While in the Western world we were looking at Apple bringing pretty Apps in an expensive device, in the Eastern world, Opera was bringing a working web browser to all the existing devices.
Two different stories, two different behaviors. I don't say that one is better than the other.
Native Apps are easier to use and look better. Web Apps are available everywhere and can't be blocked.
4) What do I do with my WebOS phone then?
I use Web Apps now. Only Web Apps. The web browser is decent, based on Webkit.
It's been 2 weeks now, and I like it so far.
Here are some examples:
Have you heard about Hahlo? It's a web client for Twitter. It's damn good.
This is my new twitter client:
The original hackernews website doesn't look good on a mobile phone.
But someone created a mobile version of this page:
Here is my App Launcher:
What I miss,
- I don't really like the web Reddit client. On Android, I still use the Native App;
- And I didn't find any good web "Clock" App;
- At Mozilla, we use Zimbra for our webmail, but I don't really like it;
- The native Google Maps is better than the web one (on WebOS).

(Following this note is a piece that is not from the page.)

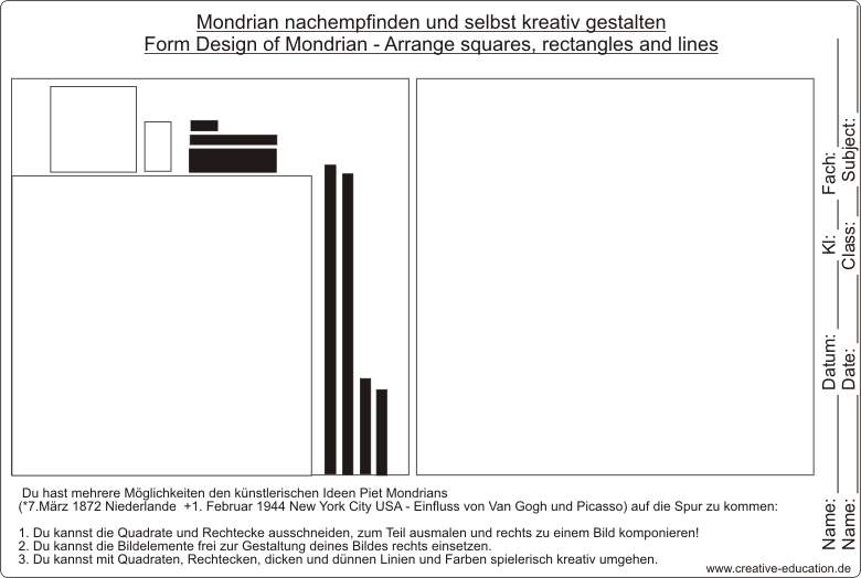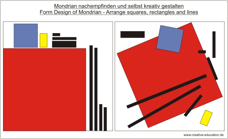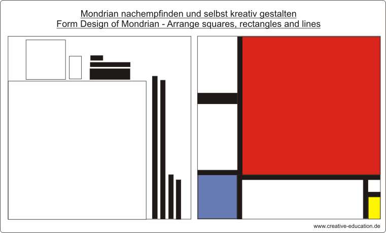 Mondrian nachempfinden und selbst kreativ gestalten - Form Design of Mondrian - Arrange squares, rectangles and lines

5) Web Apps, is it working? What can we improve?
It is working. The best example is probably Hahlo. But web developers
need to use the right technologies
(viewport, geolocation, Media Queries, localStorage, App Cache, …).

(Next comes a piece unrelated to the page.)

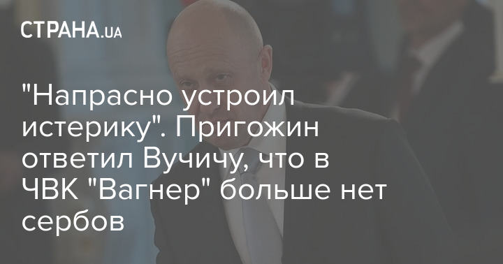 "Вучич напрасно истерику устроил. В ЧВК "Вагнер" на сегодняшний день (1 марта 2023 года) нет ни одного серба. Последний, кто воевал в ЧВК "Вагнер", убыл с направления два месяца назад. Если кто-нибудь из сербов заявит, что он воевал в ЧВК "Вагнер" в 2023 году – это обман. Не верьте ему", – ответил Пригожин в своем телеграм-канале.

HTML5 (and CSS3, and the different APIs coming with HTML5) is pretty powerful.
But still behind Native features. Here is a couple of features I would really love to see:
I want Hahlo (my Web Twitter client) to notify me when I have a new @mention.
Firefox for mobile supports notifications
on Android. Not sure about Webkit.
Favicons are not big enough. The iPod touch icons (present in a lot of websites)
are served when you use an iPhone or an iPod. People should start using bigger icons.
See Margaret's blog post about this.
Look at the Hahlo icon here for example:
Register as content-handler
I want Web Apps to be able to declare themselves as being able to handle a type of content. Images for example. Or music. Then I would be able to have a Music player or a Gallery App that uses my local files.
And I want them to be able to be present in the "share" menu.
Custom CSS / JS
A lot of web pages are not mobile-ready yet. Or have some minor bugs that make
them unusable on my device. I want to be able to fix them, and to share these fixes.
Like for hackernews for example. Right now, I have to use another website that just
fixes the CSS.
I want something like Stylish and GreaseMonkey.
JetPack allows that for Firefox Mobile.
And I won't be against more APIs :)
At Mozilla, we are already working on a set of APIs that woud make Web Apps really
really powerful. With Google and Opera, we are also working on WebRTC to bring
Real-Time Video and P2P connections to the web.
As for Mozilla,
The Mozilla Mobile team didn't wait for me to address these issues.
After this experience, I understand better what we are doing at Mozilla:
- Building new APIs for the Web;
- Bringing a Web-App-to-Native-App mechanism in Firefox Mobile (try Firefox Aurora on Android);
- Working on this big icon issue;
- And bringing more competition with Firefox Mobile, because diversity is a good way
to make sure the web is evolving, and not getting stuck in a not-that-healthy
state, like Native Apps could be (think about the WebOS experience).
As long as you have a good browser, your device won't become a brick.